**Aim of the task**
Return each line below exactly as it reads, and omit any image in it.

**Data extract**

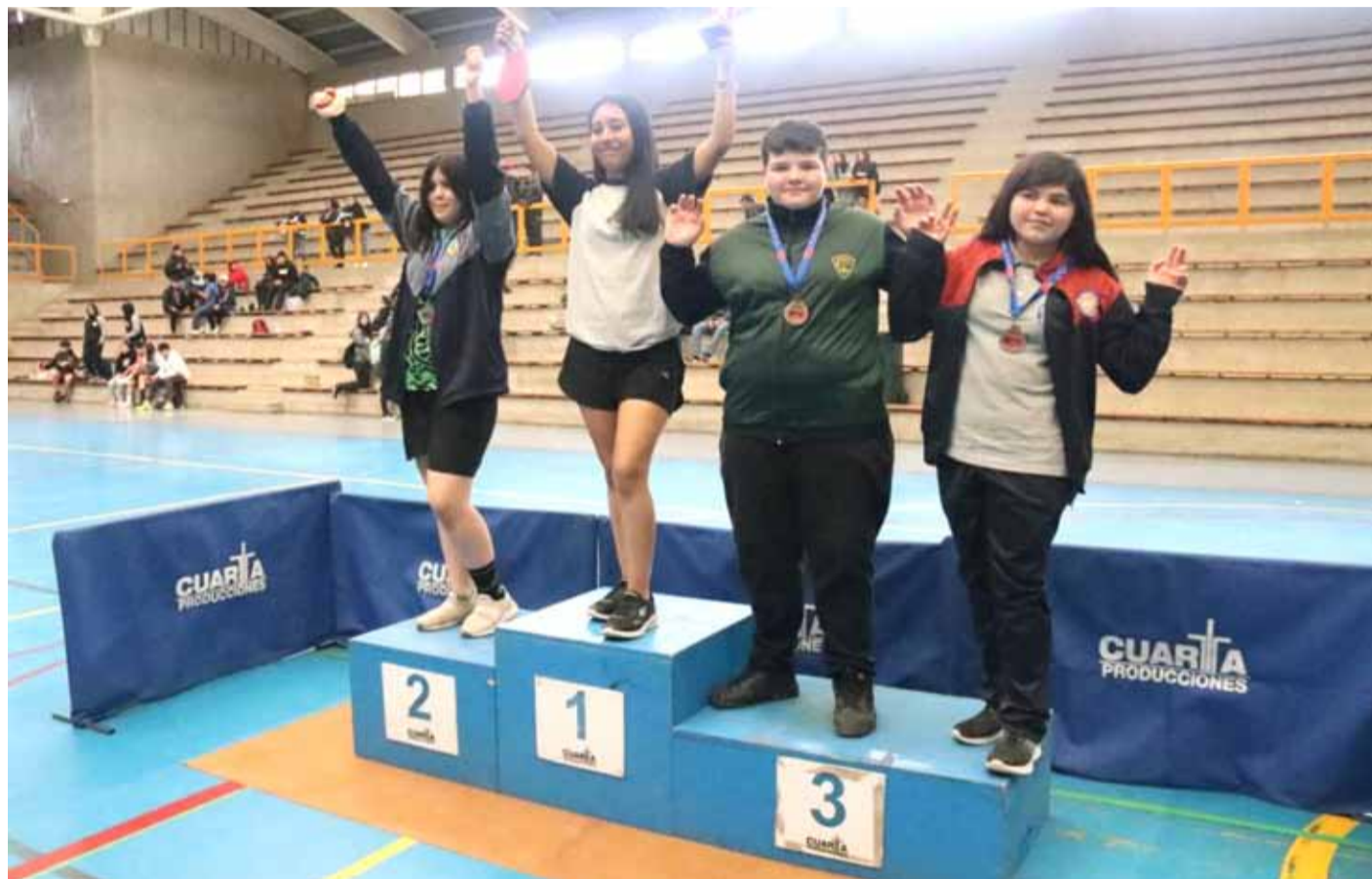
La provincia del Limarí se llevó todos los galardones en la final regional del tenis de mesa.

Desde el punto de vista técnico, el torneo llenó las expectativas de los organizadores, tanto por el número de
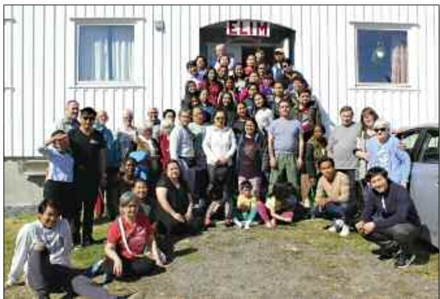
Det ble en trivelig tur til Bø. Her samlet foran baptistkirken.
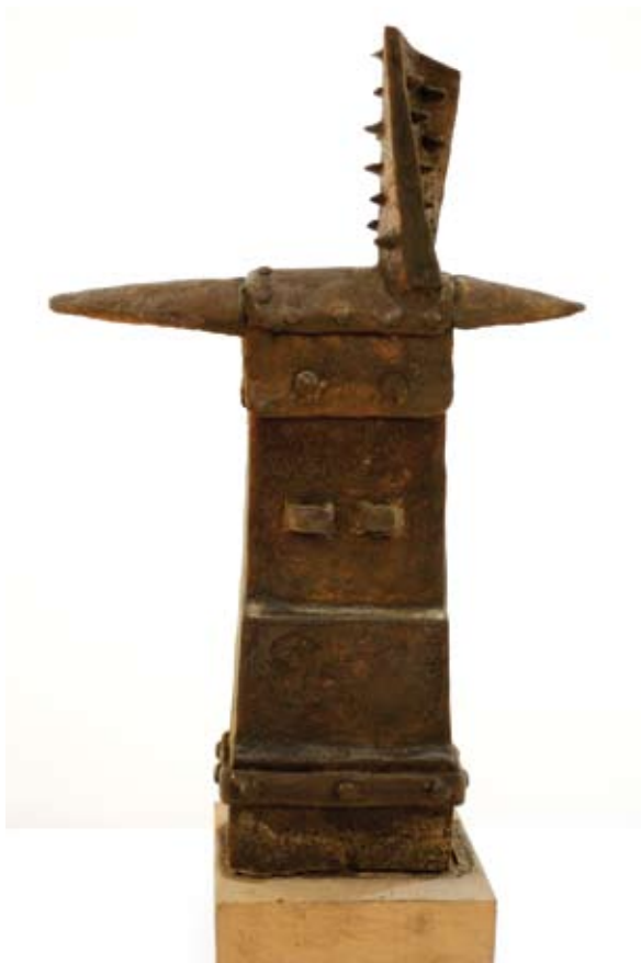
16. ábra: Kereszt, 1971. viasz, 30,5×20×5 cm
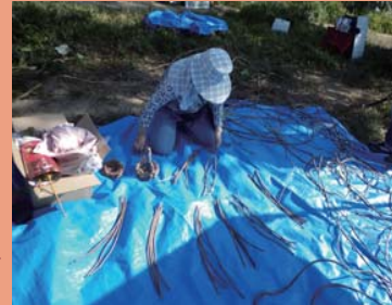
かごの中心の部分。ツルを等分に人数分切っていきます。
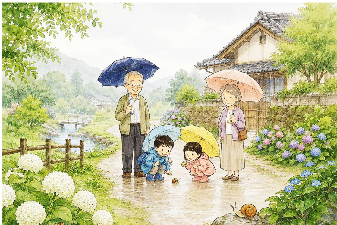
雨の日の庭散歩 AI生成イラスト 白草大三
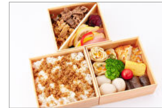
選べるごはんde厳選和牛 ・軍鶏すき焼合盛り三段弁 当
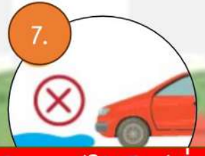
7. ปิดแอร์ใช้เกียร์ต่ำเมื่อเจอหน้าท่วม
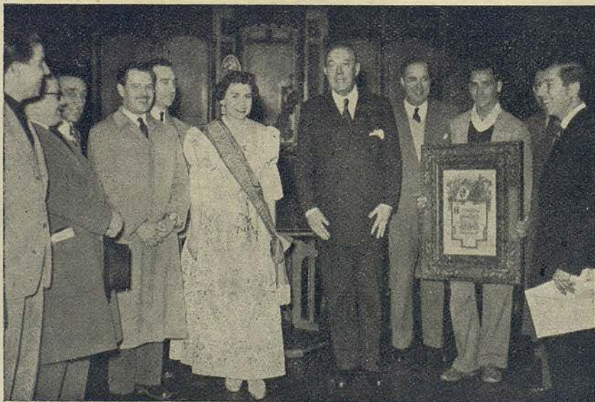
La «Embajada Fallera» haciendo entrega, al Excmo. Sr. Barón de Terrades, de un artístico pergamino, obsequio del señor Alcalde de Valencia

Durante la semana del 6 al 12 del corriente se registraron en Barcelona 339 nacimientos y 293 defunciones.
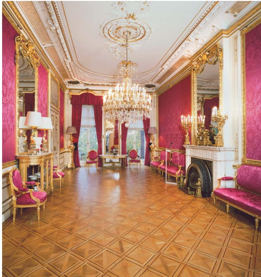
2 - BALZAAL IN DE AMBTSWONING VAN DE BURGEMEESTER VAN AMSTERDAM.

**Solution to this problem**
La provincia del Limarí se llevó todos los galardones en la final regional del tenis de mesa.

Desde el punto de vista técnico, el torneo llenó las expectativas de los organizadores, tanto por el número de
Det ble en trivelig tur til Bø. Her samlet foran baptistkirken.
16. ábra: Kereszt, 1971. viasz, 30,5×20×5 cm
かごの中心の部分。ツルを等分に人数分切っていきます。
雨の日の庭散歩 AI生成イラスト 白草大三
選べるごはんde厳選和牛 ・軍鶏すき焼合盛り三段弁 当
7. ปิดแอร์ใช้เกียร์ต่ำเมื่อเจอหน้าท่วม
La «Embajada Fallera» haciendo entrega, al Excmo. Sr. Barón de Terrades, de un artístico pergamino, obsequio del señor Alcalde de Valencia

Durante la semana del 6 al 12 del corriente se registraron en Barcelona 339 nacimientos y 293 defunciones.
2 - BALZAAL IN DE AMBTSWONING VAN DE BURGEMEESTER VAN AMSTERDAM.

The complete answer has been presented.